PROBLEM TO WORK ON ->
Transcribe the data below verbatim from the line with "Cute Design Manual" to the line with "미담타임스 김준완 기자". Include both of those lines.

DATA TO EXAMINE ->
::::::::::
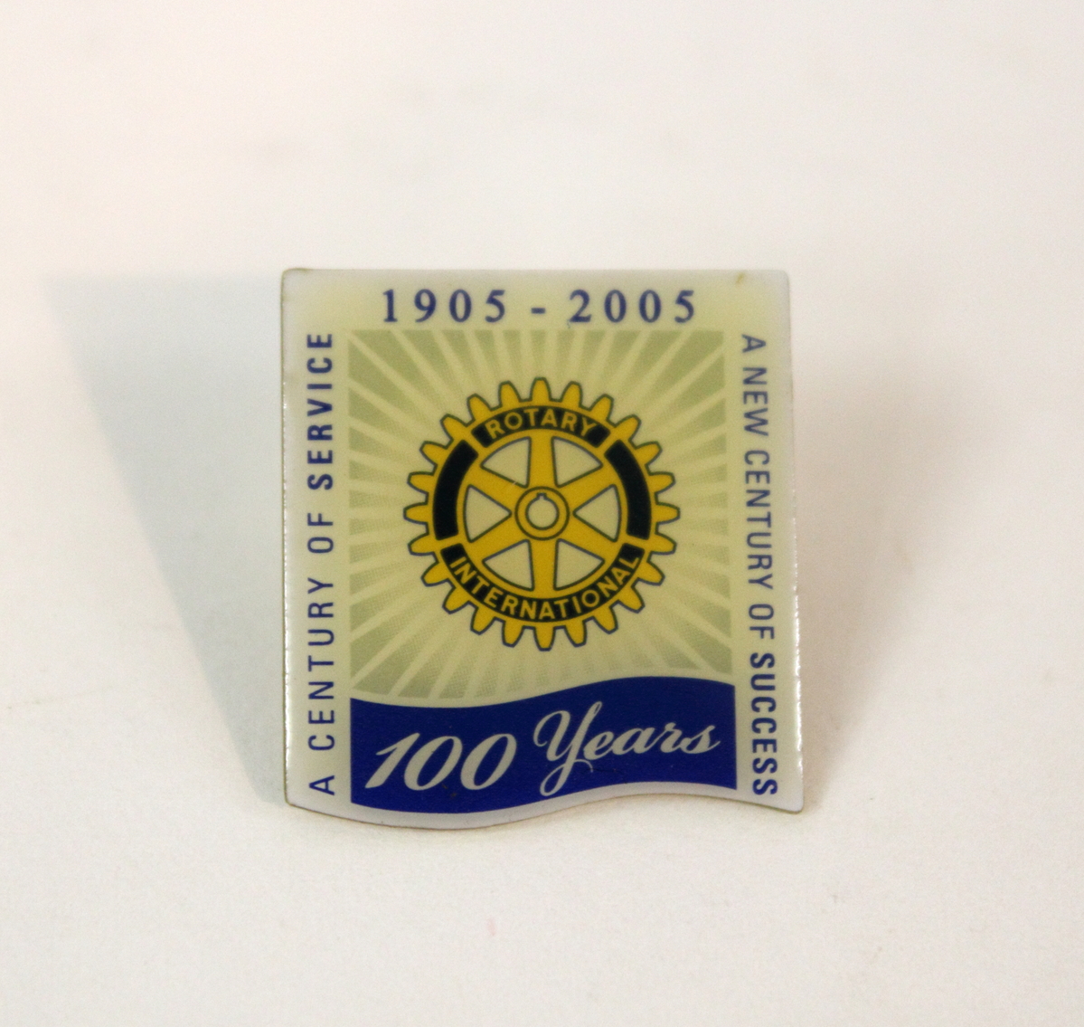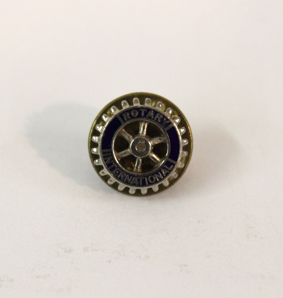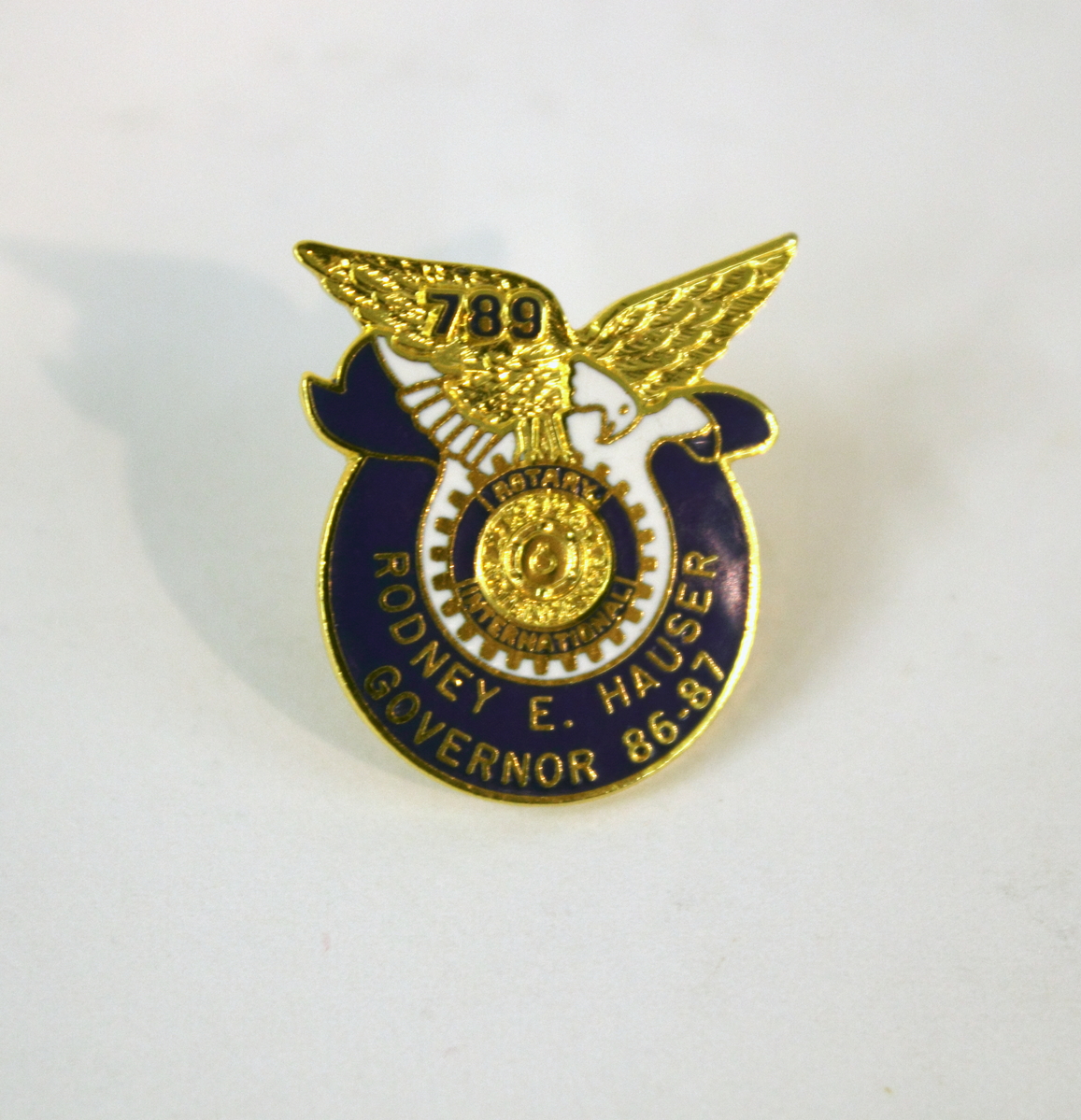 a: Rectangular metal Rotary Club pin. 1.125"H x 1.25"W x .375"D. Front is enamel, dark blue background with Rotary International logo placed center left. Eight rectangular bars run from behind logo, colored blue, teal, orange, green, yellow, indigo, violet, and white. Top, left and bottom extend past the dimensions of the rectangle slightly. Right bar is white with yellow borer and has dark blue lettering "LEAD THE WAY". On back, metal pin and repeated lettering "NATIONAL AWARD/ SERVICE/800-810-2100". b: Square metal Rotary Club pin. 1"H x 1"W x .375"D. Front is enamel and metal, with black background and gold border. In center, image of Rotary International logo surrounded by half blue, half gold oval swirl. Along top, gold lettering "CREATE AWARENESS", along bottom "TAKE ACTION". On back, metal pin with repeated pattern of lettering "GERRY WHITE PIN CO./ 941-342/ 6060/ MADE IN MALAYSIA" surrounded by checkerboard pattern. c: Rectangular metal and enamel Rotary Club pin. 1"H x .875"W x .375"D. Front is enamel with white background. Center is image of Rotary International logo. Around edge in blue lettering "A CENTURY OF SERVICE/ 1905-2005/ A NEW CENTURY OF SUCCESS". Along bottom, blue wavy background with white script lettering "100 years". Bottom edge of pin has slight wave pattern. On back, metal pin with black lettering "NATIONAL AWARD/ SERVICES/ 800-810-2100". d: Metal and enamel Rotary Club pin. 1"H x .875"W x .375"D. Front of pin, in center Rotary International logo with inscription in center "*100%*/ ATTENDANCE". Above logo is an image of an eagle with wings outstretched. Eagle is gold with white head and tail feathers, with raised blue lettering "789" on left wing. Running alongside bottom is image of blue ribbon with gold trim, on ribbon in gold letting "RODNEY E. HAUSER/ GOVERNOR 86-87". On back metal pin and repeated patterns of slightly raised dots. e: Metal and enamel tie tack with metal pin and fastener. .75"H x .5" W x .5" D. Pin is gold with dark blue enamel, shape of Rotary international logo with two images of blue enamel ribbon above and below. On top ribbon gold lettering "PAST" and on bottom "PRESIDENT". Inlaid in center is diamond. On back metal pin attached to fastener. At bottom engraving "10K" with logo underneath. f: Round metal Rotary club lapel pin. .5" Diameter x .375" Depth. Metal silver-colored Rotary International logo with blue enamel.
::::::::::
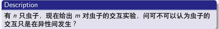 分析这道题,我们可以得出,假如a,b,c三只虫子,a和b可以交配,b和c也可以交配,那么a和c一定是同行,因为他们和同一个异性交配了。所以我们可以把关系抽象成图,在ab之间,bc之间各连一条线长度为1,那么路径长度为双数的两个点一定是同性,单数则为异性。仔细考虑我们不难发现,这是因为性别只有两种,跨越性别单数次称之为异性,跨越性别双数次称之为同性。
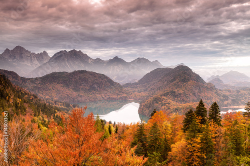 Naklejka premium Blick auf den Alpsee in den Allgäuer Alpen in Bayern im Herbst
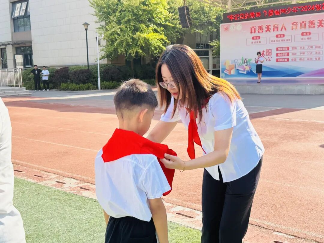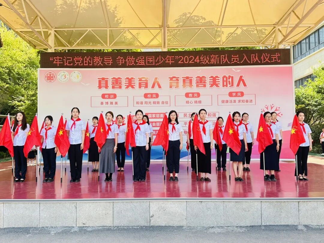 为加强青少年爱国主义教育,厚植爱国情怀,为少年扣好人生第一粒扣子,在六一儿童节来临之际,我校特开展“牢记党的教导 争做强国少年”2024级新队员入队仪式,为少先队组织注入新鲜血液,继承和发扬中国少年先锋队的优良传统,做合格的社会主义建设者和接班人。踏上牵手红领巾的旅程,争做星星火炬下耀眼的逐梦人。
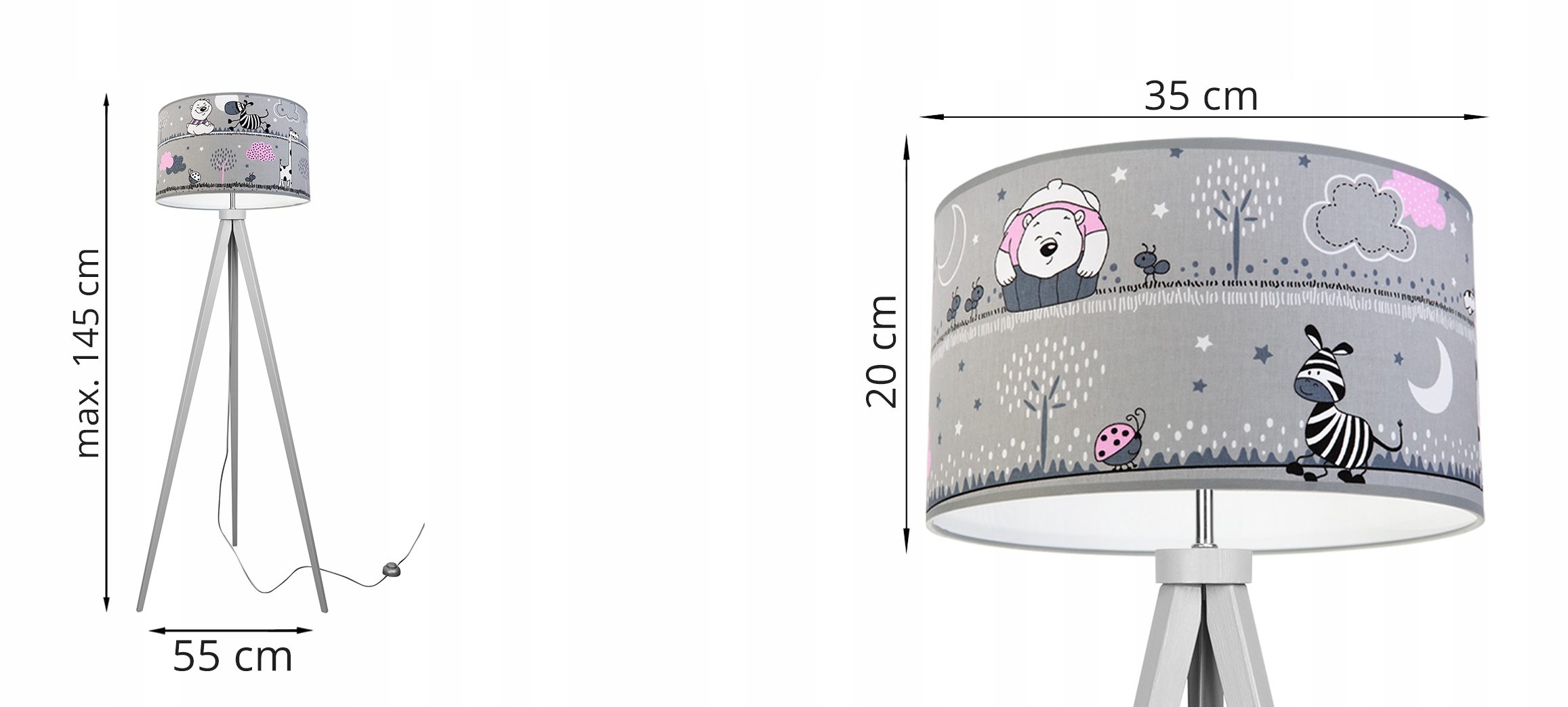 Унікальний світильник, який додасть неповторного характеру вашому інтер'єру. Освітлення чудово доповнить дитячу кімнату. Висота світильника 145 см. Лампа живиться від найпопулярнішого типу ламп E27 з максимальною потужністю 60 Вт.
::::::::::
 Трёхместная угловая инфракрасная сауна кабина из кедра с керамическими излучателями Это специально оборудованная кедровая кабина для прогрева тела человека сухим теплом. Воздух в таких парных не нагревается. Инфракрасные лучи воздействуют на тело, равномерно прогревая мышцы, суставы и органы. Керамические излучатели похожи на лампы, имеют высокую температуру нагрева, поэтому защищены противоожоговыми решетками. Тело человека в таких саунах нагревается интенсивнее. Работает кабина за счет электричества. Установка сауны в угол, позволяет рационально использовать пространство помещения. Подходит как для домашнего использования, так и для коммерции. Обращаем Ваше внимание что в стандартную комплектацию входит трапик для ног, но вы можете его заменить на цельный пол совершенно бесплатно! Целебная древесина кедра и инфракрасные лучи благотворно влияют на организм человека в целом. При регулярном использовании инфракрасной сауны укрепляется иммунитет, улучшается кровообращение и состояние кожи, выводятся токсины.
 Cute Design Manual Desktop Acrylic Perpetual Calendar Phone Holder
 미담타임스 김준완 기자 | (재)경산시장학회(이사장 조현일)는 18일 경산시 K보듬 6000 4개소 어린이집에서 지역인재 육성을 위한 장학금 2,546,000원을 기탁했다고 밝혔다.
::::::::::
TASK ANSWER ->
 Cute Design Manual Desktop Acrylic Perpetual Calendar Phone Holder
 미담타임스 김준완 기자 | (재)경산시장학회(이사장 조현일)는 18일 경산시 K보듬 6000 4개소 어린이집에서 지역인재 육성을 위한 장학금 2,546,000원을 기탁했다고 밝혔다.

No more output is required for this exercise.